Radikale Dinge geschehen bei uns im Kleinen

Im letzten Jahr hat sich in den USA viel getan. Noch vor unserem Livestream zur BLM-Bewegung sprachen wir letztes Jahr im Rahmen einer Konferenz des Weltbundes der Demokratischen Jugend mit Maicol David von der Young Communist League über die Situation des Landes und die Einschätzungen der US-amerikanischen GenossInnen.

POSITION: Was kannst du über die Situation in deinem Land sagen? Welche Kämpfe werden geführt und welche Rolle spielt die YCL dabei?

Maicol: Wir haben drei wichtige Ansätze. Erstens: die Bildungsarbeit, zweitens: der Organisationsaufbau und drittens: die gezielte Arbeit und das bewusste Herantreten an Menschen, die sich zur Wahl registrieren lassen, manche von ihnen zum ersten Mal. Was bedeutet dieser letzte Punkt? Fast 50% aller grundsätzlich Wahlberechtigten in den USA waren zur letzten Wahl nicht als WählerInnen registriert, d.h. sie konnten nicht wählen. Hinzu kommt: diese Wahlregistratur muss alle acht Jahre erneuert werden, was gerade bei jungen Menschen und solchen über 60 Jahren oft nicht geschieht. Damit arbeiten wir, gehen mit den Wahlanmeldeformularen auf sie zu und fragen sie dabei, für welchen Kandidaten sie stimmen werden. Sehr oft sagen die Menschen, dass sie weder mit dem Kandidaten der Demokraten noch mit dem der Republikaner zufrieden sind und das ist der Moment, an dem wir anfangen, mit ihnen Alternativen zu diskutieren. Wegen der starken, antikommunistischen Vorbehalte hilft uns dieses Vorgehen, an die Menschen heranzukommen

Wie ist euer Verhältnis zur demokratischen Partei?

Maicol: Die Demokraten als solche sind nicht einheitlich, es gibt vielmehr vier verschiedene Fraktionen, die von klassisch konservativ bis zu links reichen. Direkt unterstützen wir keine davon, aber wir sehen natürlich, wie sich unterschiedliche Personen in verschiedenen Fragen, etwa dem Bereich der Gesundheitsversorgung, positionieren. Auch ein Bernie Sanders stößt Drohungen gegenüber Cuba oder Venezuela aus, aber seine Forderungen zur Gesundheitsversorgung sind gut. Wir positionieren uns also zu den Inhalten, die wir unterstützen, nicht zu den Personen. Auf lokaler Ebene, etwa bei Wahlen zum Stadtrat oder bei Bürgermeisterwahlen, ist es einfacher, da gelingt es manchmal, die Dominanz der zwei großen Parteien zu brechen, wenn einzelne GenossInnen kandidieren. Allgemein kann man sagen: radikale Dinge geschehen bei uns im Kleinen, auf lokaler Ebene.

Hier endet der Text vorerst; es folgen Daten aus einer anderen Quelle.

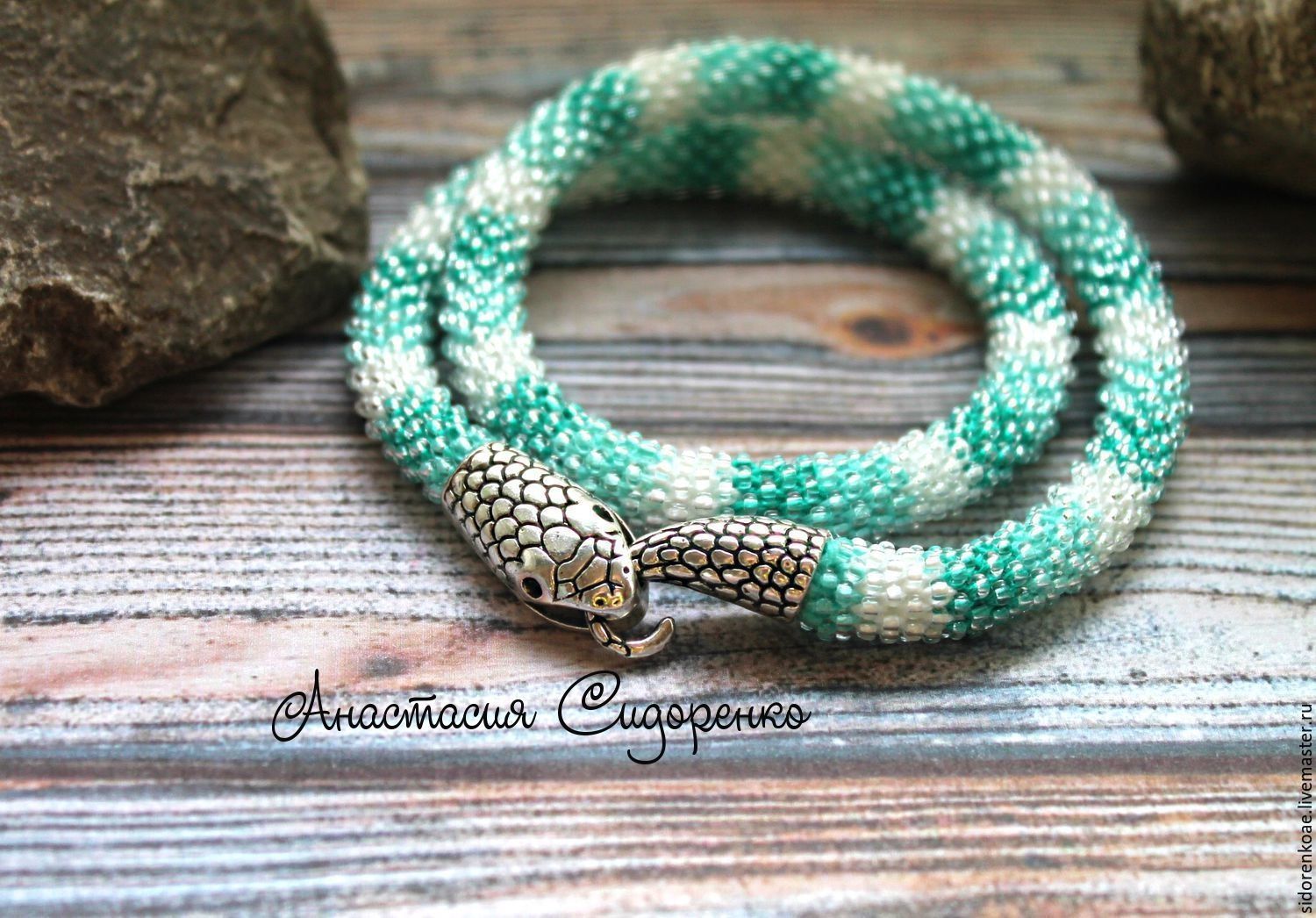 Жгут из бисера тонкие змейки универсальные чокер-браслет Купить или заказать Жгут из бисера тонкие змейки универсальные чокер-браслет в интернет-магазине на Ярмарке Мастеров. Универсальное украшение чоке-браслет связано из прозрачного чешского бисера на секционно-окрашенной пряже.Длина вместе с застежкой 44см, длину можно регулировать за счет перекручивания браслета. Также по вашему желанию я могу уменьшить длину браслета (бесплатно) застежка ввиде головы и хвостика змеи. ...
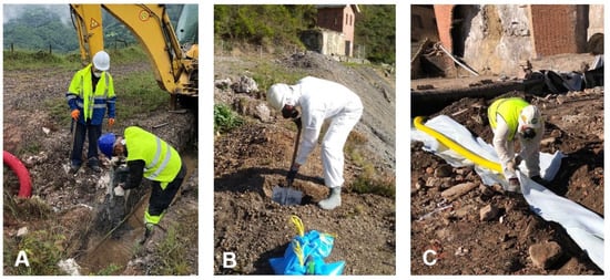 There are other areas (brown colour in Figure 3) where the soil is contaminated with arsenic and mercury but the concentration of mercury in the air is not too high; specifically, less than 10−3 mg/m3. Normal activity cannot be conducted in these areas; they involve special tasks where workers must wear more protection, such as full-body suits to protect the skin from contact with materials, or special gloves. However, work can be carried out in these areas for the entire day (8 h/day) and throughout the year (240 days/year). An example of this is presented in Figure 4B, where a worker is shown collecting samples in the upper waste dump, where the average concentrations of As and Hg in the soil are 16,107 and 3646 mg/kg, respectively, and the average concentration of Hg in the air throughout the year is 5.1 × 10−4 mg/m3.
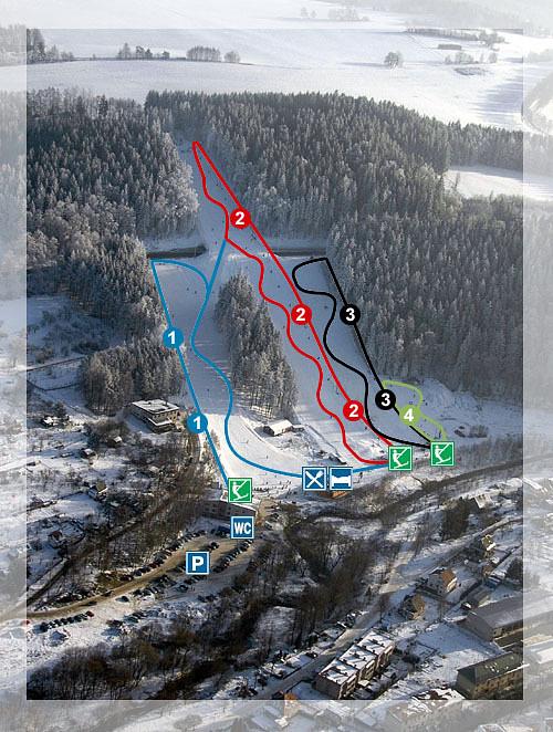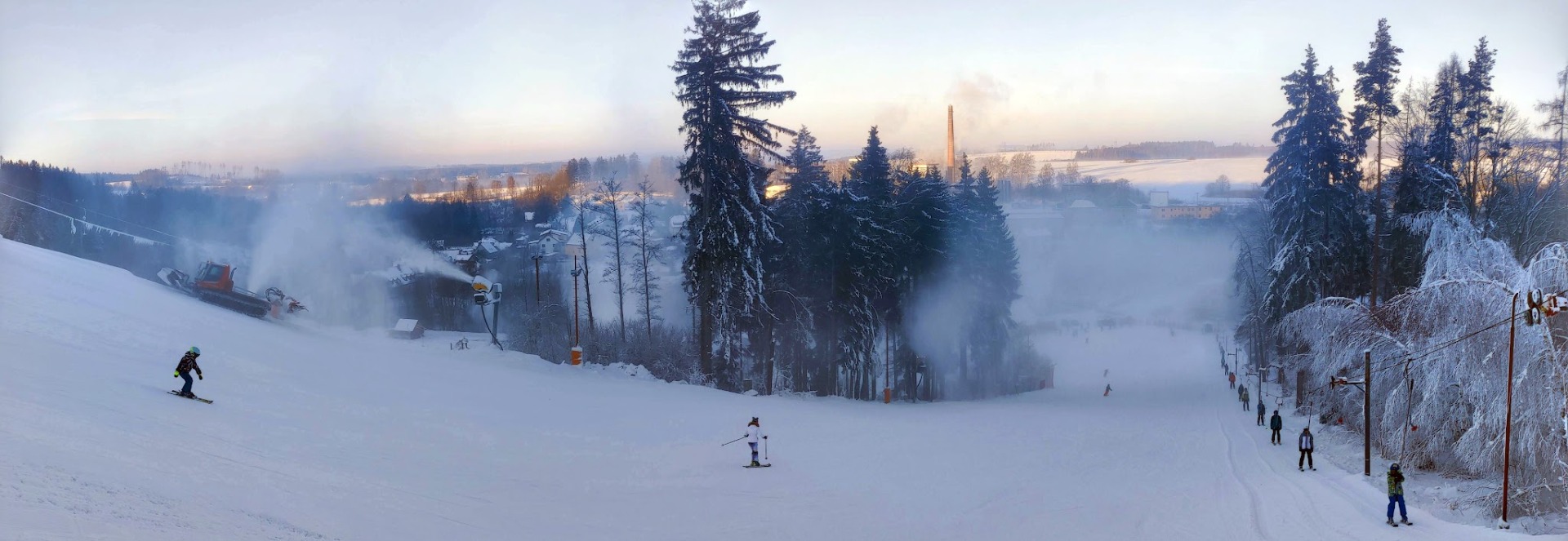 Hlinsko is a ski resort located in the Pardubice Region of the Czech Republic, offering 1.2 km of slopes for skiing and snowboarding. The resort features three slopes, including a blue, red, and black run, with the highest altitude reaching 950m. It's a relatively small resort, but suitable for families and beginners, with a children's lift and free WiFi available.

Du bezeichnest Trump als Faschisten. Schätzt ihr also ein, dass sich die USA zu einem faschistischen Staat entwickelt haben?

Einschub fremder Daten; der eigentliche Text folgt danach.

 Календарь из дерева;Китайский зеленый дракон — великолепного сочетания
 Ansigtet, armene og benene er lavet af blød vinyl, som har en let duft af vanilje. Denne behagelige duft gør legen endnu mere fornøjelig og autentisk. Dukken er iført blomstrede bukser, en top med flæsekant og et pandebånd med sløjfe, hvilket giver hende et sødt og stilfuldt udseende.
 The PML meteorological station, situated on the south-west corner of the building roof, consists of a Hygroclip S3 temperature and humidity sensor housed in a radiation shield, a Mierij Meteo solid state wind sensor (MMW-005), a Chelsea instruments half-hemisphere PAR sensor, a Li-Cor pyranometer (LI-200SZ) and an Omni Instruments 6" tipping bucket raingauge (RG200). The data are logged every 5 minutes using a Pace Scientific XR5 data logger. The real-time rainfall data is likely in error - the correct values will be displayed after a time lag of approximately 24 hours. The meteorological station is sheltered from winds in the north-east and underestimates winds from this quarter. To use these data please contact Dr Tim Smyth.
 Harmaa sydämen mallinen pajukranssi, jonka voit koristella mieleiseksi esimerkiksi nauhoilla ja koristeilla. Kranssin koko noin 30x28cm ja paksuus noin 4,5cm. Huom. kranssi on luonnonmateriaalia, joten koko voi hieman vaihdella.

Maicol: Nein. Trump als Person ist ein Faschist, aber wir bezeichnen die USA nicht als faschistischen Staat. Wir sind nicht verboten, auch die linken Teile der Demokraten nicht, aber Trump als Person und Teile seiner Regierung, sein Schwiegersohn [gemeint ist Jared Kushner, Anm.d.Red.], der auf ganzer Linie Zionist ist [gemeint ist, dass Kushner beispielsweise eine Zwei-Staaten-Lösung de facto ablehnt und die israelischen Annexionen anerkennt, Anm.d.Red.], Teile der Regierung unter Trump, die ja manchmal wöchentlich wechselt, diese Leute sind Faschisten. Gleiches gilt für den Supreme Court, dem obersten Gerichtshof, dem zwei Vergewaltiger als Richter angehören. Es gibt Genossen in der KP, die Nixon, Reagan und Bush erlebt haben und sie sagen: so schlimm wie jetzt war es noch nie.